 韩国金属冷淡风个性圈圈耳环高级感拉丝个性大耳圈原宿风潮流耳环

==

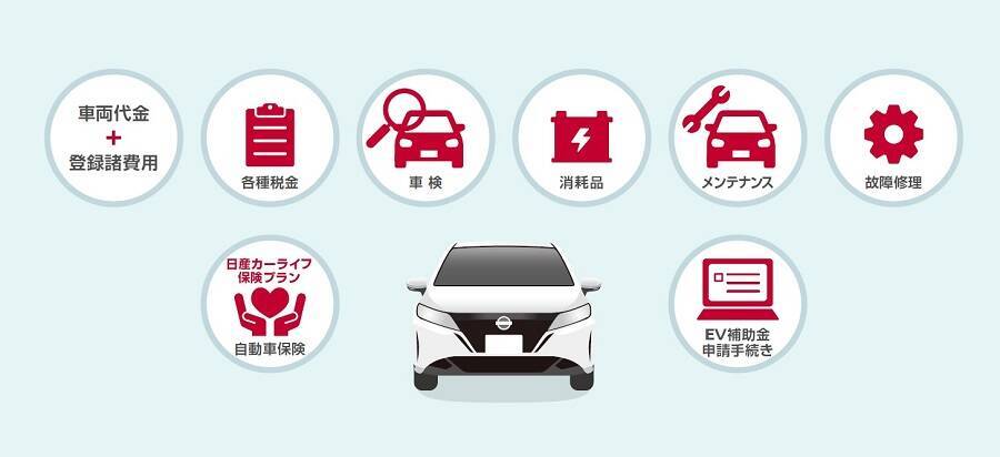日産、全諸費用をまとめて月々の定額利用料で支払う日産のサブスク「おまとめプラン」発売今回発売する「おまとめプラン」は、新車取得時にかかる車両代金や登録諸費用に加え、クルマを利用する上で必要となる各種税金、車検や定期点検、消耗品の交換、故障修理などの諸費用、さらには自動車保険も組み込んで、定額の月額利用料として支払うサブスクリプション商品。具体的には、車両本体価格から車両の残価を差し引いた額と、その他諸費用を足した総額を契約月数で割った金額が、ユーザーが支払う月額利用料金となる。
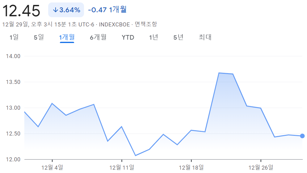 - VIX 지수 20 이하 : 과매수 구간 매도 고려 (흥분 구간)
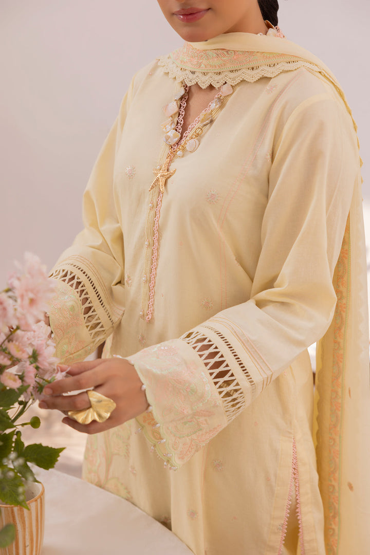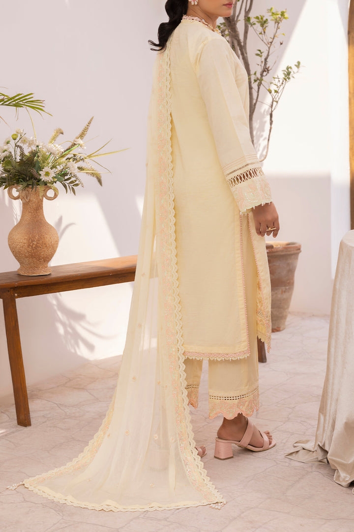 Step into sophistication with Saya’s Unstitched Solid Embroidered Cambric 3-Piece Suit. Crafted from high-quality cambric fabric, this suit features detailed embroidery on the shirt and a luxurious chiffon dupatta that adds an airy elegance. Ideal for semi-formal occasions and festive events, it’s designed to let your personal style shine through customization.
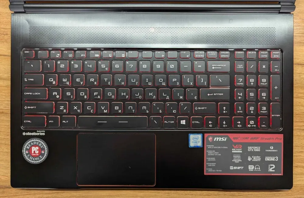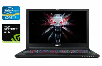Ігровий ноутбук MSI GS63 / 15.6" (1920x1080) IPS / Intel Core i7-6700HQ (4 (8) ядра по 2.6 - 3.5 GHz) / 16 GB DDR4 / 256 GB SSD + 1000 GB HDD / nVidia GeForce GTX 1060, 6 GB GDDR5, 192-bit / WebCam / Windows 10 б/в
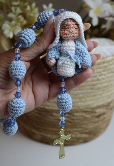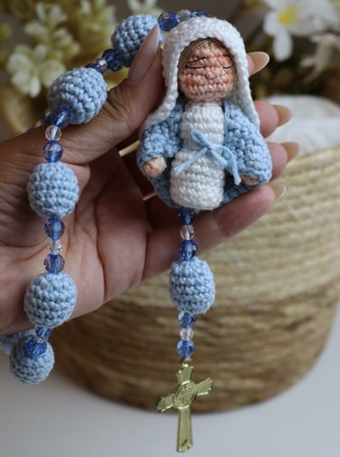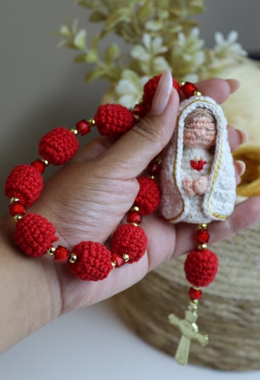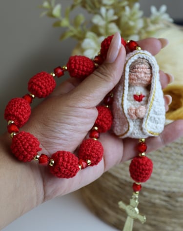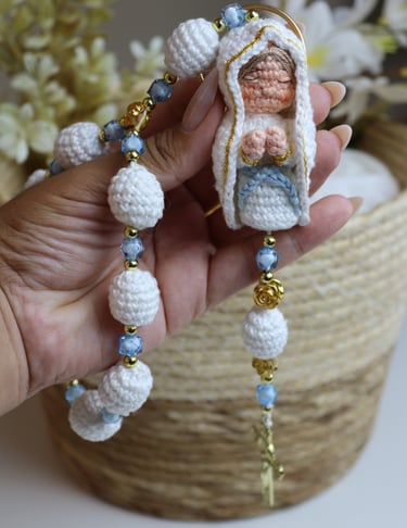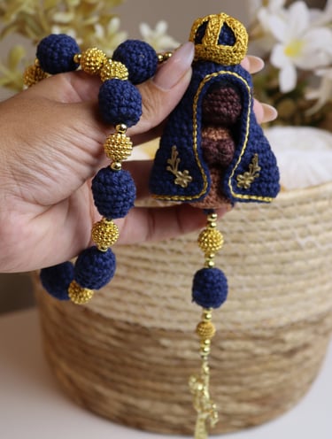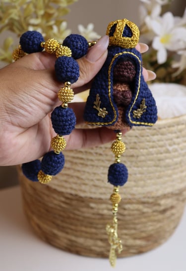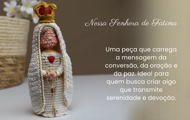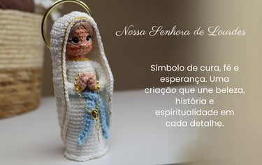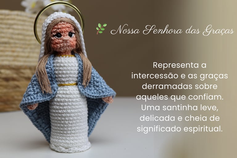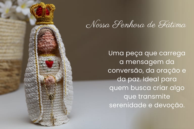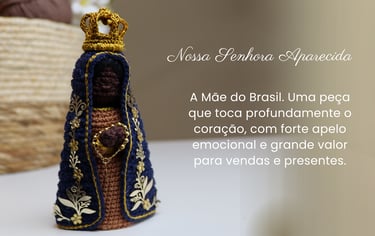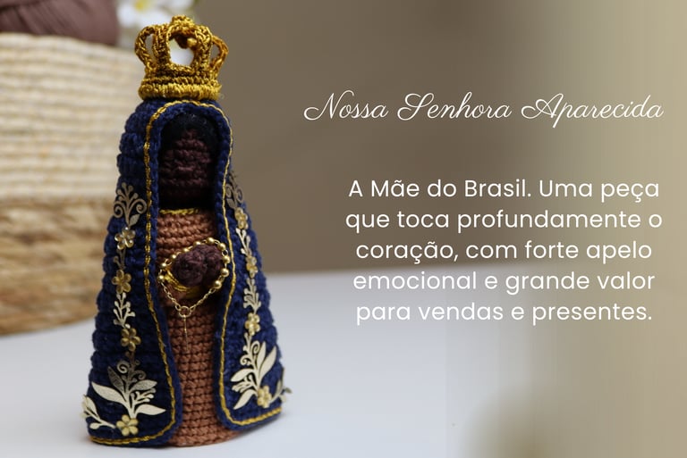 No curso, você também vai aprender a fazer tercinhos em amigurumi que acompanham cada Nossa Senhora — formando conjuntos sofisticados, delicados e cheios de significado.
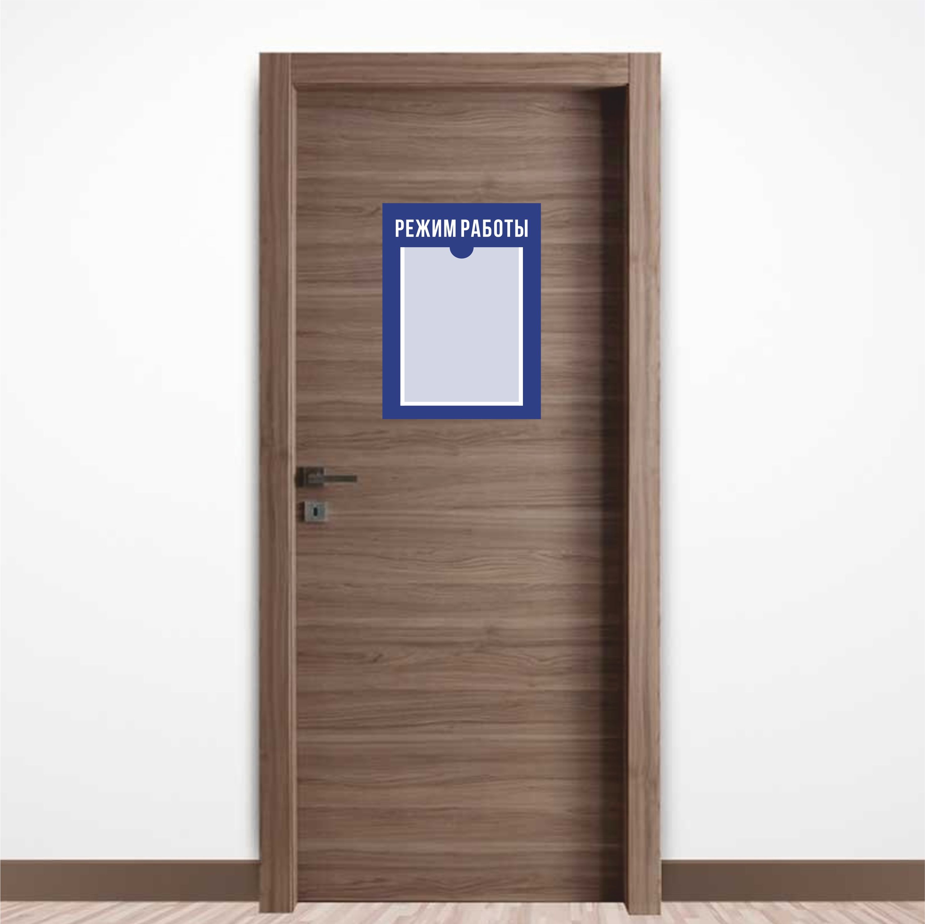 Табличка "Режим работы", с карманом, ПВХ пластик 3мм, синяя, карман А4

Task item:
Would you give again, exactly, the lines in the data above that run from the line containing "No curso, você" to the line containing "синяя, карман А4"? Include both ends and no pictures.

Reply to the exercise:
 No curso, você também vai aprender a fazer tercinhos em amigurumi que acompanham cada Nossa Senhora — formando conjuntos sofisticados, delicados e cheios de significado.
 Табличка "Режим работы", с карманом, ПВХ пластик 3мм, синяя, карман А4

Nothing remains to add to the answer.